2. The Respondent advanced the Petitioner a loan for Kshs 400,000/= sometime in the year 1992. The Petitioner stated that he had been unable to pay the loan in full due to the interest rates charged by the Respondent which made the loan untenable. That the interest charged on the loan were more than the principal amount. He invoked the provisions of section 44A of the Banking Act.
3. Before this court determined the present Petition dated 15th December 2022, the Respondent filed a Notice of Preliminary Objection dated 18th April 2023. I shall set out the Petition and the Preliminary Objection in the succeeding paragraphs.
The Petition 4. The Petitioner contended that the Respondent had violated the Article 43 (1) (e), 46 (1) of the Constitution of Kenya and section 44A (1) and (2) of the Banking Act by charging interest, fees and penalties which increased his debt to more than double the principal sum.
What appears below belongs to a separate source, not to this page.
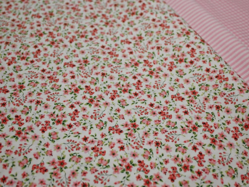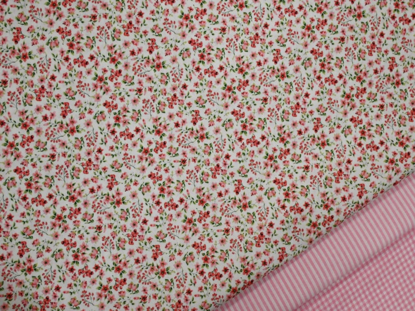 Popelín estampado 100% algodón, con un dulce diseño floral tipo Liberty en tonos rosa y verde sobre fondo blanco.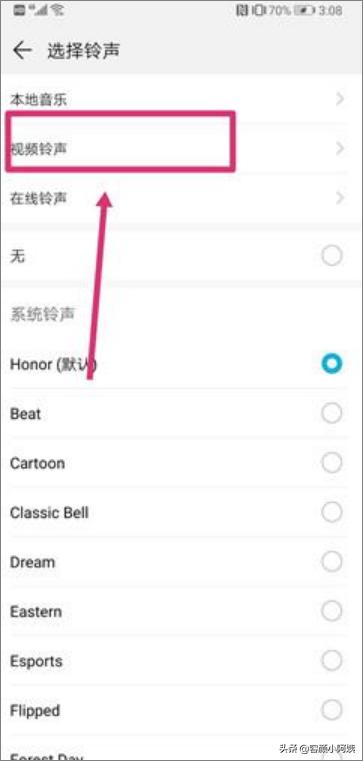 3、这时我们能够看到“卡1和卡2来电铃声”,我们选择你需要设置视频来电秀的手机号。这时,我们点击“视频铃声”,就能进入到视频来电秀的设置界面了。

5. The Petitioner filed a Petition dated 15th December 2022 where he sought the following prayers:-i.A declaration that by imposing interest amounts and penalties that exceed the principal amount, the Respondent was in contravention of Article 43 (1) (e), 46 (1) of the Constitution of Kenya and section 44A (1) and (2) of the Banking Act.ii.An order to restrain the Respondent from charging interest rates on non-performing loans under the in duplum rule to conform with section 44A (1) and (2) of the Banking Act.
The Petitioner’s case 6. Through his supporting affidavit dated and sworn on 15th December 2022, the Petitioner stated that he borrowed Kshs 400,000/= from the Respondent on 16th January 1992. That due to the exorbitant interest rates charged by the Respondent, the loan became difficult to clear and by 31st October 1995, the loan had ballooned to Kshs 1,453,025/=.
7. It was the Petitioner’s/Applicant’s case that the Respondent filed a suit (Nakuru High Court Civil Suit Number 53 of 1996) for the recovery of the loan. That his defence was struck out and Judgement was entered against him on 30th July 2003.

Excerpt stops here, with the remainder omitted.